Research has revealed that formal and informal support can help to reduce the extent of young carers’ emotional burden. In particular, young carers’ projects, wherein young carers meet other carers who share the same difficulties, are an important source of support and respite for them. The charity provides such a source of formal support, as young carers can meet not only fellow young carers but also young people from different backgrounds, thus expanding their social circle.

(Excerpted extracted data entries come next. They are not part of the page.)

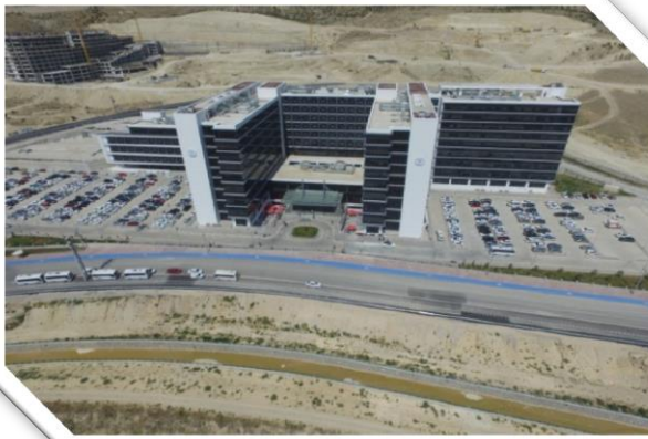
Resim 6-7: Meram Tıp Fakültesi Hastanesi Yeni Bina
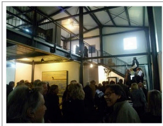
La nuova sede del museo
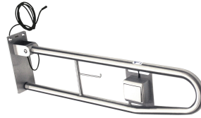
Maniglia ribaltabile a parete CONTINA
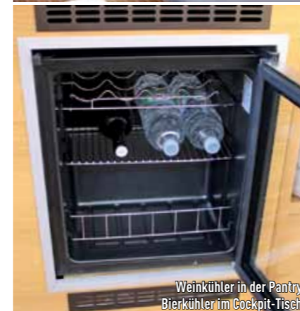
Weinkühler in der Pantry, Bierkühler im Cockpit-Tisch.
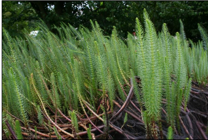
Slika 27. Hippuris vulgaris

Višegodišnja biljka, koja se javlja u močvarama ili potocima. Korijen je pod vodom, ali većina njegovih listova je iznad površine vode. Listovi se javljaju u pršljenovima od 6-12, svijetlozelene su boje. Oni iznad vode su dužine 0,5 do 2,5 cm i širine do 3 mm, dok su oni pod vodom tanji i duži od onih iznad vode. Stabla su čvrsta i nerazvijena, ali često nakrivljena, i mogu biti dugačka do 60 cm. U plitkoj vodi vire 20-30 cm iznad vode. Cvijeće je neupadljivo i ne proizvode ih sve biljke.
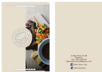
Gambar 13. Cover Note Book
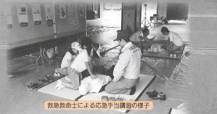
救急救命士による応急手当講習の様子
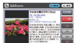
るるぶDATAの詳細情報もその場でチェック!!
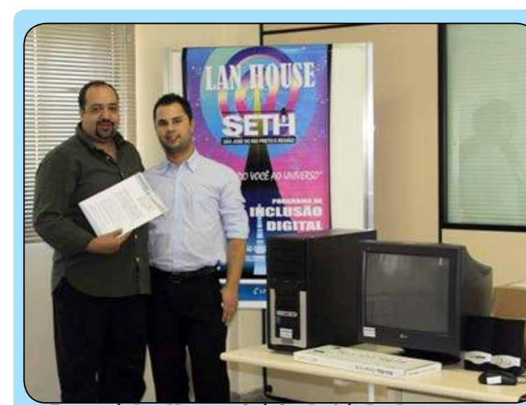
Entrega de Lan House ao Seth São José do Rio Preto, em 2010.

*https://www.gov.uk/government/uploads/system/uploads/attachment_data/file/498116/DFE- RB499_The_lives_of_young_carers_in_England_brief.pdf

**http://www.childrenssociety.org.uk/news-and-blogs/press-release/report-reveals-impact-young-carers

School pupils at-risk

There are also numerous reasons for supporting school pupils at-risk, and this is particularly true of those living in the borough of Tower Hamlets – the area in which the Renaissance Foundation currently concentrates its work. According to London’s Poverty Profile, nearly half (49%) of children living in the borough of Tower Hamlets were living in poverty as of February 2013*, the highest rate in London. A recent Social Mobility Commission report** found that children from families of low socio-economic status participate less in sport, physical activity and cultural activity, they have few high status acquaintances and their families engage less with schools, for example parent-teacher meetings. Pupils who fall under this prevalent demographic in the borough (pupils at risk), may be prevented from availing fully of educational opportunities due to harmful environmental distractions in their lives, for example impoverished upbringing, family unemployment, gang exposure and bullying.

There is a clear gap in the aspirations of the UK’s richest and poorest young people. Young people from poor homes are significantly less likely to believe that their life and career goals are achievable. A report published by the Joseph Rowntree Foundation in 2013*** supported well-versed claims that “disadvantaged pupils often have high aspirations. However, they may not know how to achieve them and may struggle to maintain them”. By working with school pupils at risk at a critical time in their development, Renaissance Foundation helps them to focus on their aspirations and provides them with the support required to pursue them. Without this focus, cycles of poverty, poor mental health and self-destructive behaviour may be perpetuated.